If it was just the initial calculation of mels, wouldn't I only see that spike for new files? This pattern happens in the middle of a group of 32 files - then, yes, there is a slowdown while mels are calculated initially for new files - but these are long periods of time in the middle of already decoded files?

I don't really understand the model and what's being calculated where but thought you might and could point me in the right direction?

sbuser commented 1 year ago

Here's one slow portion, I think:

https://github.com/Blair-Johnson/batch-whisper/blob/76b3f818fb94a7c18c37d2ffecf71d7c69182749/whisper/decoding.py#L704-L707

As it's looping through samples, this is particularly slow but doesn't seem to be part of the model inference or taking place on a GPU that I can tell? I'm not familiar enough with the where the matrix math gets done here.

I'll keep investigating, but this appears to be very slow relative to the surrounding work.

Blair-Johnson commented 1 year ago

Good catch, I think that I found the issue. On this line... https://github.com/Blair-Johnson/batch-whisper/blob/76b3f818fb94a7c18c37d2ffecf71d7c69182749/whisper/decoding.py#L493 ...the logit filter lists are are all initialized with the same list object. As a result, each new batch of tokens for each audio file was being filtered by all logit filters introducing redundancy and potential accuracy issues. I'll post a PR with that fix and the ffmpeg multiprocessing modification. Let me know if that improves performance on your end.

*edit: I also noticed that the ApplyTimestampRules filter was much slower than the others, it might be work taking a look at down the line. You'll likely still see a high load on one core handling the main thread with logit filtering and decoding (which seem to be the slowest parts of the pipeline apart from model inference). Using the large model with 6 >1hr podcasts on a V100, I'm getting 85-100% GPU usage with periodic drops to zero (which happens when new segments are fetched for model inference). I was getting 60-75% previously, so it looks like a good improvement.

sbuser commented 1 year ago

Ah, That probably also explains why I have a list of no_speech_prob in the output as opposed to just the single probability I expected and get with a normal whisper run.

sbuser commented 1 year ago

I think the large disparity between our resource use was because I was using model=base and you were using large. When I switch to large, I get much higher GPU utilization which makes sense. ApplyTimestampRules is definitely the bottleneck with those lower parameter models.

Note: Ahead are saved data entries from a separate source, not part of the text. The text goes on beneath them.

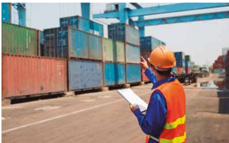
Mantener la cadena de suministro se ha considerado esencial

En los centros de coordinación de Salvamento se han dado instrucciones para que cada turno lo realicen siempre las mismas personas y se reduzca el personal. La flota marí-
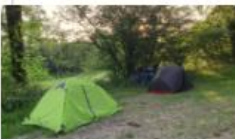
5 : La scierie, l'ancien camping
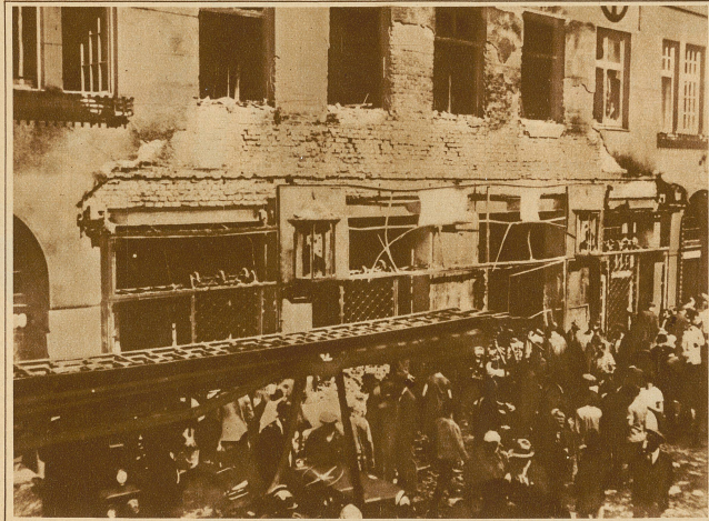
Die demolierte Redaktion der »Reichspost«
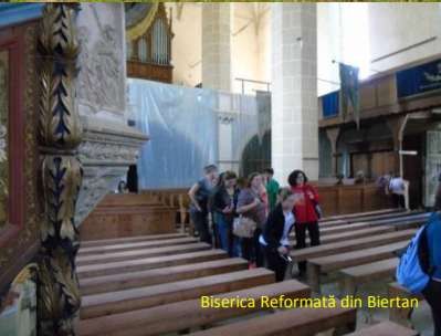
Biserica Reformată din Biertan
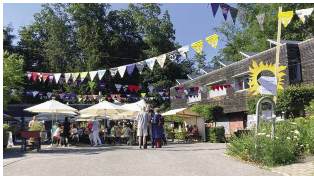
Gefeiert wurde bei allerschönstem Sommerwetter auf dem Festplatz.

Die Stiftung Stöckenweid feierte ihren 30. Geburtstag
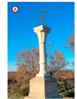
La Croix de Camargue
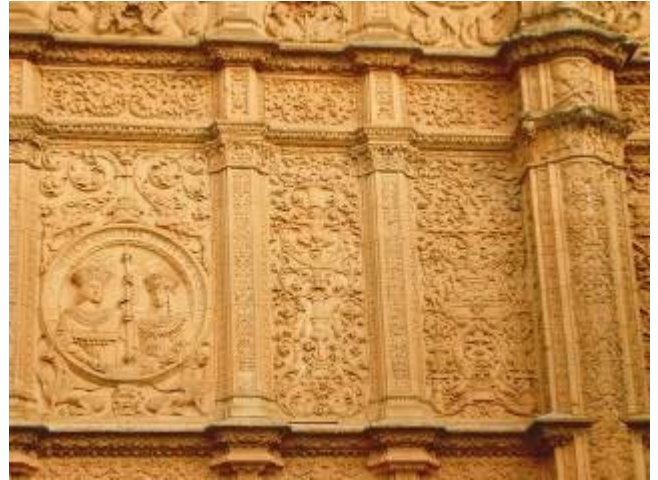
Fachada universidad de Salamanca (Detalle)
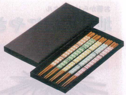
7-1079-6 (90033378) ¥850 箸ボックス (五膳) 黒 紙 250×115×19

Your fix here did raise GPU utilization but in the results I still have an array of no_speech_prob corresponding to the current batch size (which changes as various audio files fall off from length differences).

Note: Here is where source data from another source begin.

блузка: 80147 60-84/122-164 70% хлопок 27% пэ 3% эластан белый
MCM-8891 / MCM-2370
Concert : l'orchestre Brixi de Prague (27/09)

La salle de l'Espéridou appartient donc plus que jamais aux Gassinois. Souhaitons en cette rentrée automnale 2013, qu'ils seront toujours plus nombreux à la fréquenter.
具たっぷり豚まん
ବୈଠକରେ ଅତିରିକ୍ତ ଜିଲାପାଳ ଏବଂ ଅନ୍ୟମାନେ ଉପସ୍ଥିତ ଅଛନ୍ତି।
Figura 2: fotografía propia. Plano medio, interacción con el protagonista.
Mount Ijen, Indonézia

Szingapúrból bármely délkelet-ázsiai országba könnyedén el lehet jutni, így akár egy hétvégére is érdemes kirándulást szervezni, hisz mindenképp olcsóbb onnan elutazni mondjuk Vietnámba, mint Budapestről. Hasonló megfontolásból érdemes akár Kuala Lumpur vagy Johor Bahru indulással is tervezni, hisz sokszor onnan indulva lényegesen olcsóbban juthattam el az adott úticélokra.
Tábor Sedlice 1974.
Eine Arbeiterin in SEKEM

I'll open another issue if I pin this down but there's also something going on with multiple model.decode() runs for each decode_with_fallback() toward the end of the batch - probably something to do with shifting file sizes. I can't tell yet if there's missing transcriptions and it's just falling back or what.

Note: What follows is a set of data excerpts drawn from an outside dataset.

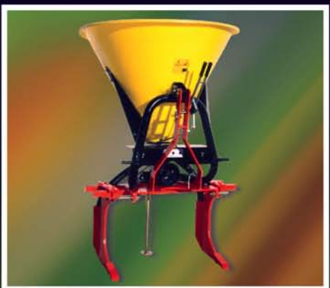
Distribuidor com subsolador de 2 linhas Abonadora com subsolador de 2 líneas Distributeur avec sous-soleur 2 lignes
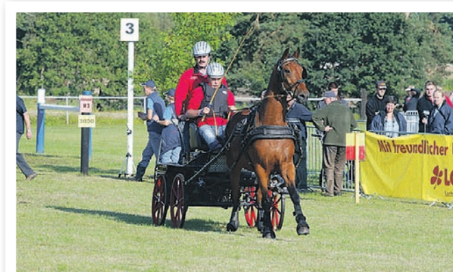
Die Bösdorfer Fahrsporttage sind ein Ereignis, das weit über die Kreisgrenzen hinaus bekannt ist. In diesem Jahr finden sie vom 24. bis 26. August statt.
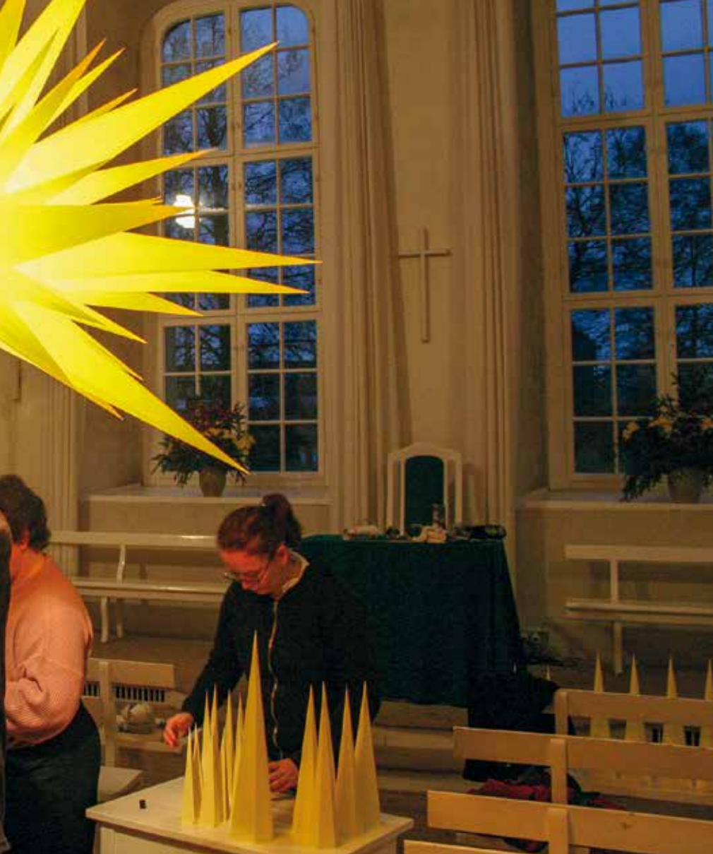
Adventsster maken in de kerk van de Broedergemeente in Herrnhut, Duitsland.

steeds minder moeten zien als kerken die ondersteund horen te worden vanuit Nederland en steeds meer als partners in de zendingsarbeid.

Blair-Johnson commented 1 year ago

I updated the PR to address the no_speech_prob issue, let me know if you have any issues. As for the multiple model.decode() executions, could you verify whether they are being called because of temperature fallback? The loop checks to see if the compression ratio of generated text is too high to avoid repetitive transcription, which can happen sometimes. If it's being triggered unnecessarily regardless of the threshold we set, then that's an issue.